In previous issues, we introduced the image-side telecentric lens. In this issue, we will add the object-side telecentric system to the image-side telecentric lens to form a complete dual telecentric lens system.
This means that it is necessary to simultaneously control and constrain both the object-side chief ray angle and the image-side chief ray angle—and this constraint requirement applies to the chief ray angles of all fields of view.
Design Parameters of the Dual Telecentric Lens in This Issue:
- 1、Object Height: 30mm
- 2、Object-Side NA (Numerical Aperture): 0.06
- 3、Telecentricity: 0.5°
- 4、Magnification: 0.6X
- 5、Distortion: < 0.05%
- 6、RMS (Root Mean Square): < Diffraction Limit
- 7、MTF (Modulation Transfer Function): > 0.15 @ 210lp/mm
- 8、Reference Wavelengths and Their Weights:
Main Content of This Issue Includes:
- 2D Diagram of Lens Architecture
- Lens Design Results
- Lens Optimization Ideas
- Conclusions
The following content will explain these parts in detail:
1. 2D Diagram of Lens Architecture
The design result of the telecentric lens—its optical architecture—is shown in Figure 1. It consists of a front group and a rear group, with a total of 8 lenses (4 lenses in the front group and 4 lenses in the rear group). The optical architecture is symmetric front-to-back, which is beneficial for aberration optimization.
In the front group, Lens 1 and Lens 2 are arranged "back-to-back" (convex surfaces facing each other), which helps correct spherical aberration; the rear group adopts the same arrangement.
Both Lens 4 and Lens 5 are concave toward the aperture stop. The middle part adopts a classic double-Gauss lens architecture, with an additional lens added on each side, forming a "6+2" structure.
Figure 1: Optical Architecture of the Dual Telecentric Lens
2. Lens Design Results
The design results of the dual telecentric lens mainly include the lens 2D diagram, MTF curve, distortion curve, spot diagram, and lateral chromatic aberration. These will be explained step by step below:
- Lens 2D Diagram (Figure 2): The optical architecture has been described in detail in the first part, so no further elaboration is provided here.
Figure 2: Lens Architecture 2D Diagram
- MTF Curve of the Dual Telecentric Lens (Figure 3): As can be seen from the figure, the MTF meets the requirement of being greater than 0.15 @ 210lp/mm.
Figure 3: Lens MTF Curve
- Distortion Curve (Figure 4):
Figure 4: Lens Distortion Curve
- Lens Spot Diagram (Figure 5): It can be observed from the figure that the spot size is smaller than the diffraction limit, meeting the lens index requirements.

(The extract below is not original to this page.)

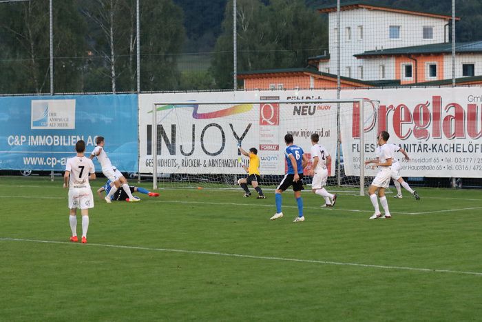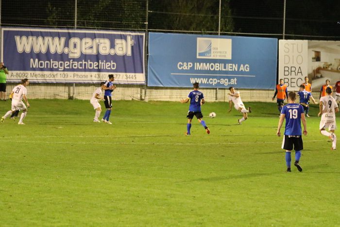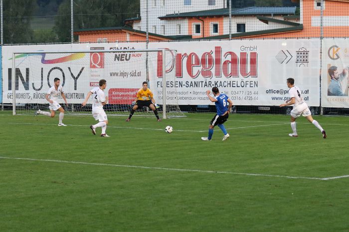 In der 42. Minute kam Lukas Stadler nach einer Horvat-Flanke völlig frei zum Kopfball, der Ball zog knapp an der linken Stange vorbei ins Torout. Kurz darauf konnte Gnas-Goalie Stocker einen Fuchshofer-Schuss aus spitzem Winkel per Fußabwehr klären (44.).

Figure 5: Lens Spot Diagram
3. Lens Optimization Ideas
Lens optimization ideas mainly consider three aspects: optical architecture, initial structure, and merit function.
(1) Selection of Optical Architecture
The selection of the optical architecture needs to comprehensively consider parameters such as object height, F-number, NA, field of view, wavelength, and magnification:
- For single-wavelength scenarios: A single lens or cemented lens architecture can be selected if the field of view is small and precision requirements are low.

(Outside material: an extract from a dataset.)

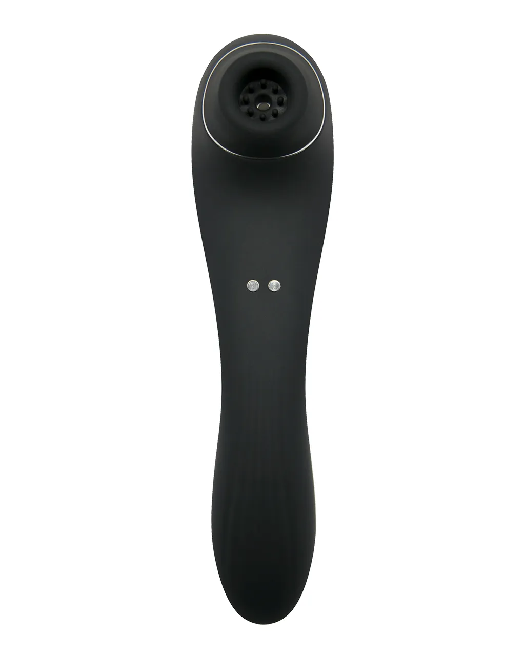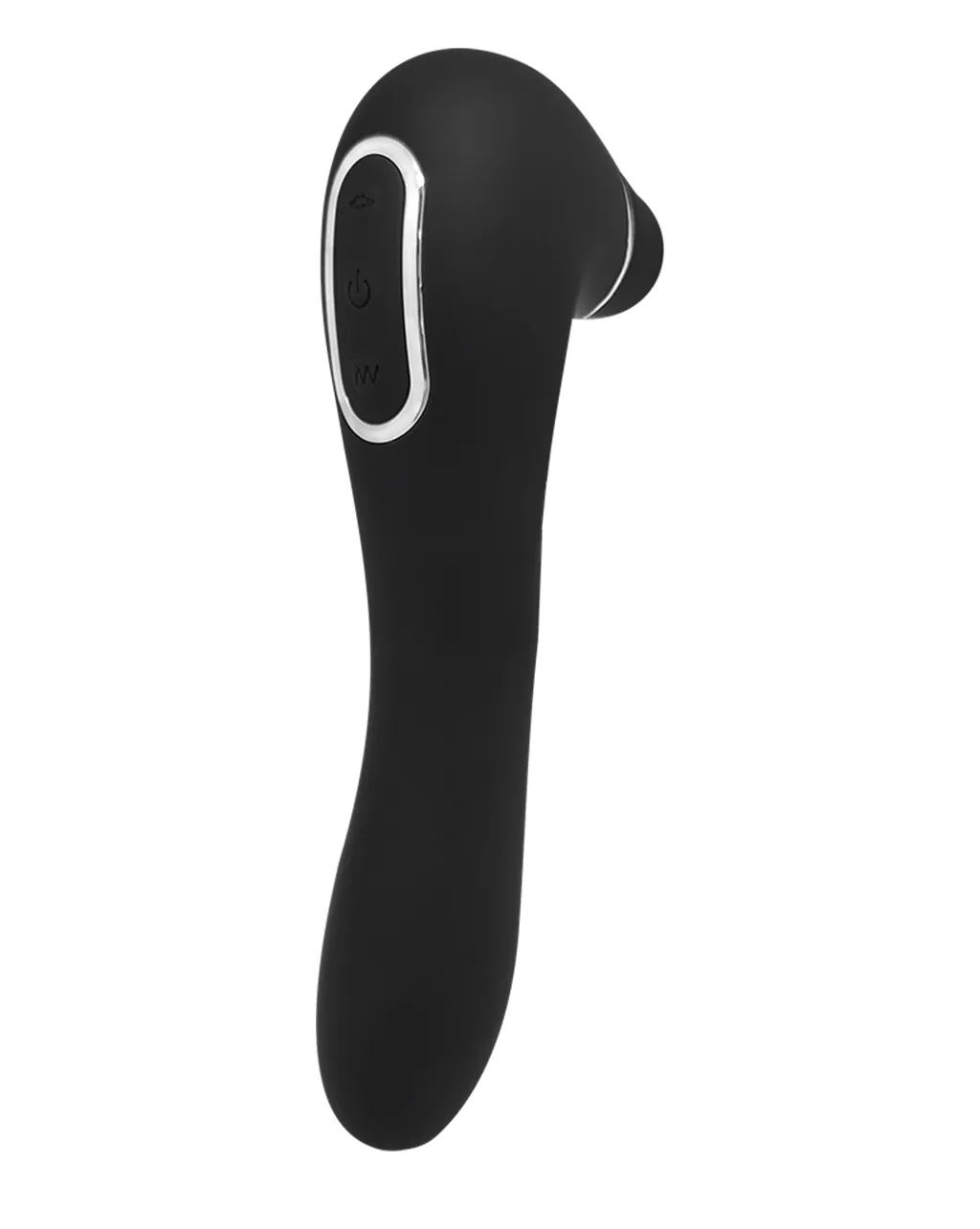 Стимулятор клитора Smoooch Black черного цвета с двойной функцией. Сделан из силикона и ABS, удобен в использовании. Длина — 18,6 см, диаметр — 4,5 см, вес — 230 г. Два мотора, 10 режимов вибрации и всасывания. Подходит для клитора и точки G. Водонепроницаемость IPX7 для игр в воде. Заряжается через USB. Уход прост: промыть водой с мылом.

- For multi-wavelength scenarios: A cemented lens (e.g., double-cemented, triple-cemented lens) or Cooke triplet architecture is required to correct chromatic aberration.
- For large field of view / high-precision scenarios: A 4-lens or double-Gauss lens architecture is preferred (such as the "double-Gauss + additional lenses" structure in this issue), which balances field of view coverage and aberration correction.

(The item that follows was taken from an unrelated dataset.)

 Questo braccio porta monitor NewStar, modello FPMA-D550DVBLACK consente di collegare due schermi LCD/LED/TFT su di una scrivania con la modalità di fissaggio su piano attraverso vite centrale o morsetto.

(2) Selection of Initial Structure
The initial structure can be obtained in two ways:
- Reference from Patents or Literature: Select a model with similar parameters (e.g., magnification, field of view) from optical design patents or authoritative literature, and adjust it to meet the design requirements through "focal length scaling" (e.g., scaling a structure with f=50mm in a patent to f=100mm).
- Optimization from a Parallel Plate: For simple lenses (e.g., low-precision single telecentric lenses), optimization can start from a parallel glass plate by gradually adding variables such as curvature and thickness. For complex lenses (e.g., the dual telecentric lens in this issue, mobile phone lenses), it is better to use a mature structure from patents or literature as the initial structure to reduce the blindness of optimization variables.
(3) Merit Function Design
The merit function needs to impose targeted constraints on parameters such as magnification. For this lens:
- Magnification Constraint: The PMAG operand is used to constrain the magnification.
- Spatial Constraints: MNCA (Minimum Air Gap) and MNEA (Maximum Air Gap) are used to constrain air intervals; MNCG (Minimum Glass Thickness) and MNEG (Maximum Glass Thickness) are used to constrain the thickness of glass lenses.
- Image Quality Constraints: Distortion and chief ray angles need to be constrained. DISG (Distortion Gradient) or DISC (Distortion Value) is selected according to different application scenarios.
- Manufacturability Constraints: The center or edge of the glass should not be too thin; the two radii of curvature of a meniscus lens should not be too close (to avoid processing difficulties).
Additionally, it is important to check the smoothness of light ray trajectories during optimization. Try to avoid "sharply bent light paths" (abrupt changes in light ray angles), as this can easily cause the optical system to fall into an optimization stagnation state.
4. Conclusions
- For double-Gauss lenses, the position of the aperture stop needs to be adjusted according to different magnifications.
- Both the object-side and image-side telecentricity of a dual telecentric lens need to be constrained.